Added support for METADATA_SCHEMA in ducklake config.yml
Summary
Add support for the METADATA_SCHEMA configuration option for DuckLake catalogs in DuckDB connections. This allows users to specify which schema in the catalog server should store DuckLake metadata tables.
Changes
- Core Configuration (sqlmesh/core/config/connection.py):
- Added metadata_schema optional field to DuckDBAttachOptions
- Updated to_sql() method to include METADATA_SCHEMA parameter in the DuckDB ATTACH statement when specified
- Documentation (docs/integrations/engines/duckdb.md):
- Added metadata_schema to YAML and Python configuration examples for DuckLake catalogs
- Added comprehensive configuration options table documenting all DuckLake-specific parameters including the new metadata_schema option
- Tests (tests/core/test_connection_config.py):
- Added test_ducklake_metadata_schema() with three test cases:
- Verifies METADATA_SCHEMA is included in SQL when specified
- Confirms default behavior (no METADATA_SCHEMA) when not specified
- Tests interaction with other DuckLake options (data_path, encrypted)
- Added test_ducklake_metadata_schema() with three test cases:
Motivation
DuckLake users need the ability to control where metadata tables are stored within the catalog server. The default main schema may not always be appropriate for organizational or security requirements. This configuration option provides that flexibility while maintaining backward compatibility (defaults to DuckLake's default behavior when not specified).
Example Usage
gateways: my_gateway: connection: type: duckdb catalogs: ducklake_catalog: type: ducklake path: catalog.ducklake metadata_schema: custom_workspace
Test Plan
- Unit tests verify SQL generation with and without metadata_schema
- Unit tests confirm compatibility with other DuckLake options
- Documentation updated with examples
Thank you for your submission! We really appreciate it. Like many open source projects, we ask that you sign our Contributor License Agreement before we can accept your contribution.
rmac seems not to be a GitHub user. You need a GitHub account to be able to sign the CLA. If you have already a GitHub account, please add the email address used for this commit to your account.
You have signed the CLA already but the status is still pending? Let us recheck it.

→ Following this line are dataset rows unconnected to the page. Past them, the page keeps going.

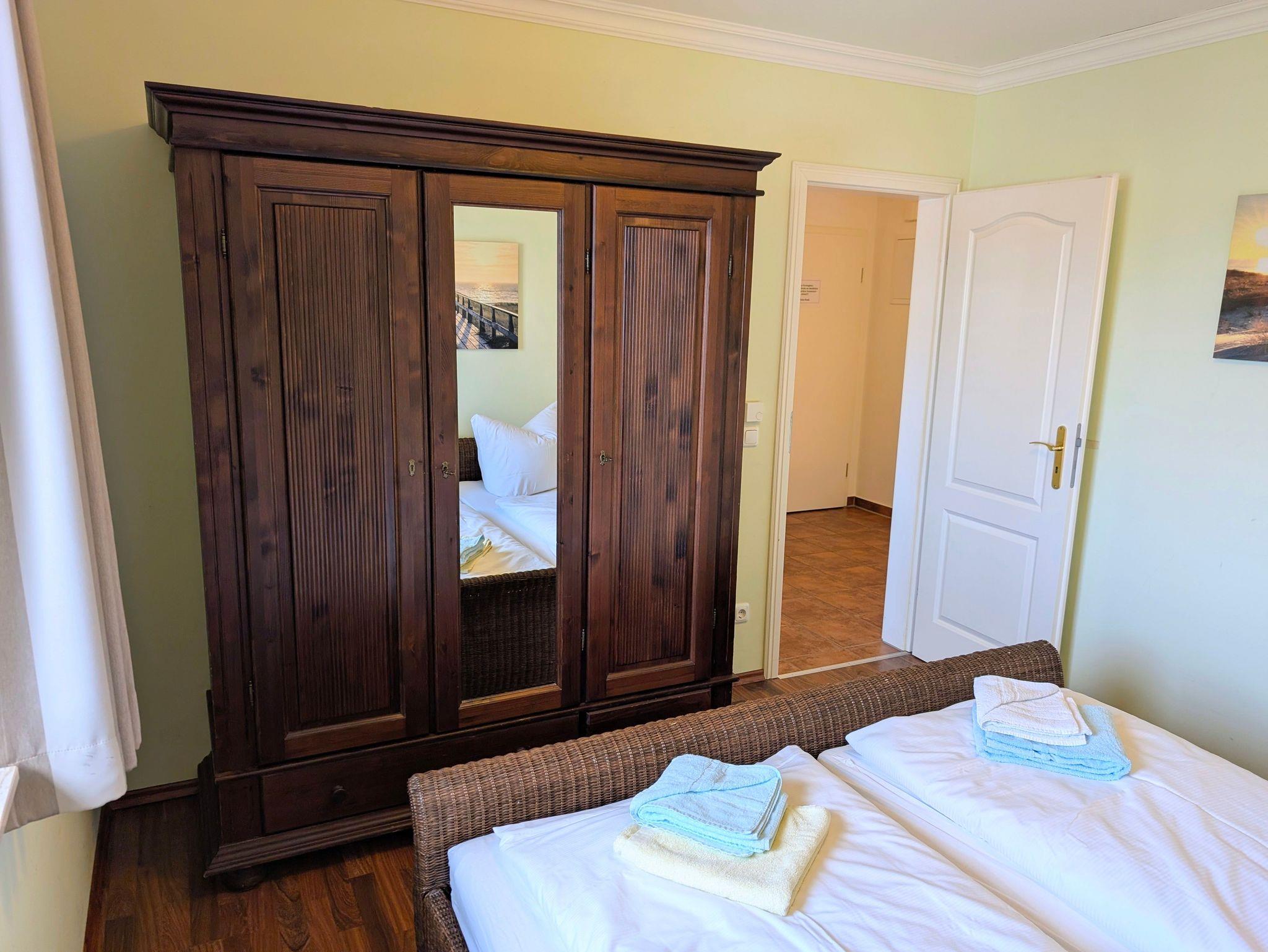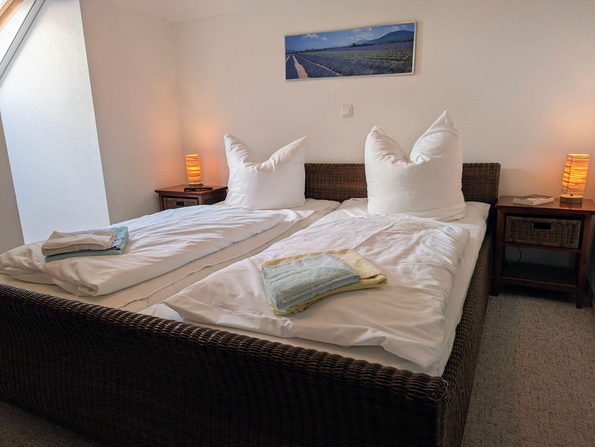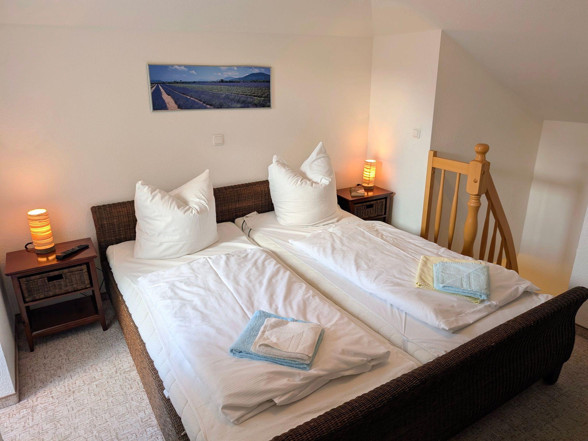 Das Schlafzimmer verfügt über ein komfortables Doppelbett (2 × 90/200 cm), zwei Einzelbetten (2 × 90/200 cm) sowie einen geräumigen Kleiderschrank. Eine weitere Schlafmöglichkeit bietet der offene Spitzboden, in dem sich ein weiteres Doppelbett (2 × 90/200 cm) und ein zusätzlicher TV befinden ideal für Familien oder befreundete Paare.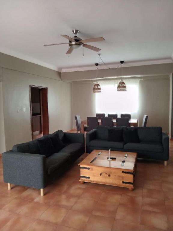 "The apartment is clean, spacious, and well equipped. All utilities were clean and good to use , just a few little things as leaking water from the sink or fridge, not knowing where, but most of the time was water on the floor. The kitchen furniture was run down. The pool was nice , we did not use it and was out of work for 2 days. The location is good , less than 10 minutes walk to Ole supermarket or guagua station. Nice to have AC in the room , easy check in and check out .Good price for what you get."
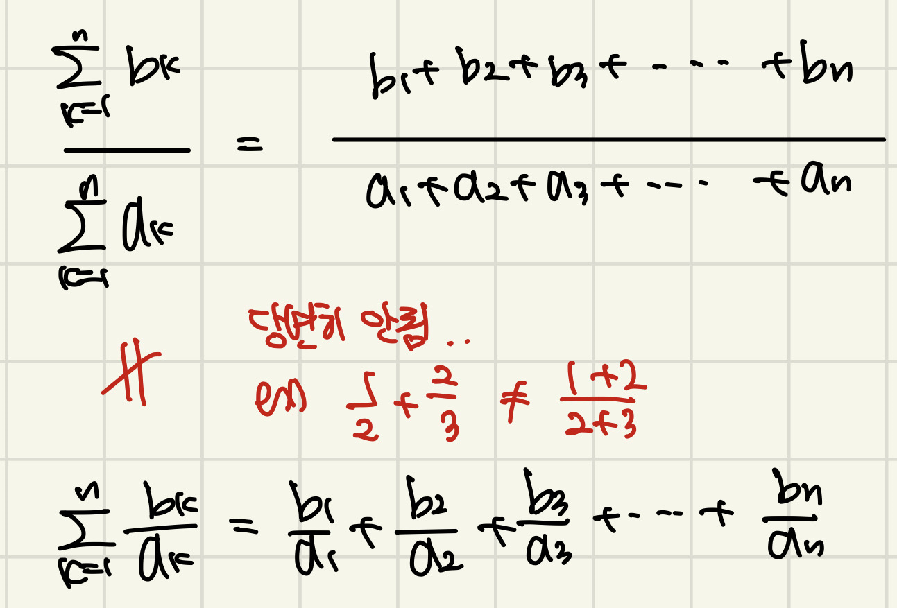 1. 합과 곱은 마치 분배법칙처럼 썼지만, 곱과 나눗셈에서는 절대 그렇게 하면 안됩니다.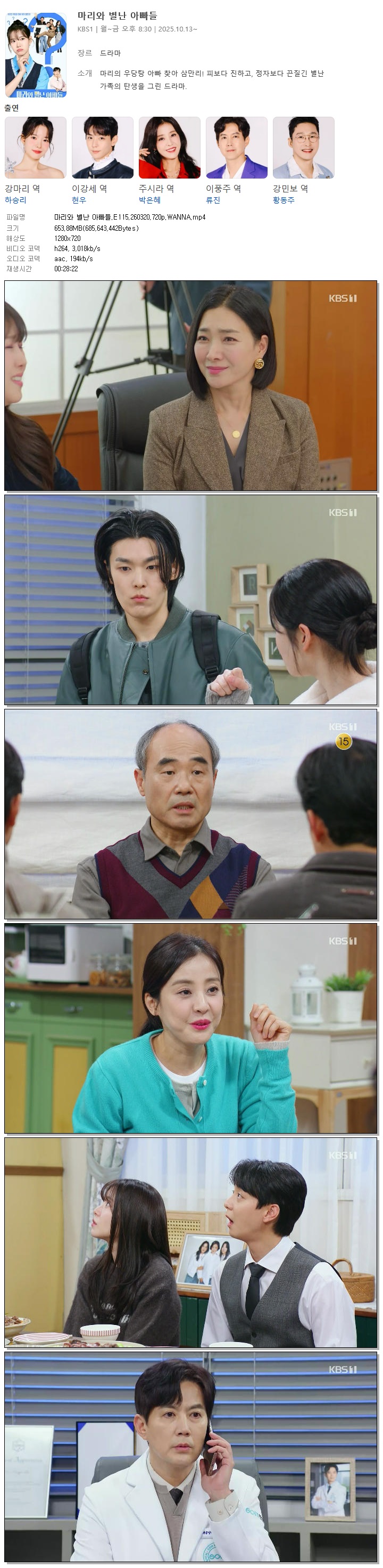 | [KBS1] 마리와 별난 아빠들.E115.260320.720p.WANNA[하승리, 현우].mp4 | 653.9 M | 00:28:22 | 1280x720 |

METADATA_SCHEMA is documented in docs/integrations/engines/duckdb.md
https://github.com/TobikoData/sqlmesh/pull/5456/files#diff-de5de8bb701edca7af9847e114df48bfceefda5f991eaa196a2dfe765a5af9a3
Hey @justbry, sorry for the delay here. I was talking about official documentation around this flag; could you link it here? Also, can you please sign the CLA? Thanks!
Ducklake extension parameters for reference: https://ducklake.select/docs/stable/duckdb/usage/connecting#parameters
Is the only hold up of this being merged waiting on @justbry to sign the CLA? I'm in need of this update.
In addition to the last comment, it appears the user name and email address used for committing these changes are different to the GitHub user that pushed this PR.
Either please (1) recommit with an email address that is associated to the @justbry account or (2) add the email address for "rmac" to that account, as stated in the bot comment.
I signed in but had a different email in git on my new computer so it did not accept my signature. Sorry for the extra work this caused. Thanks for adding the support.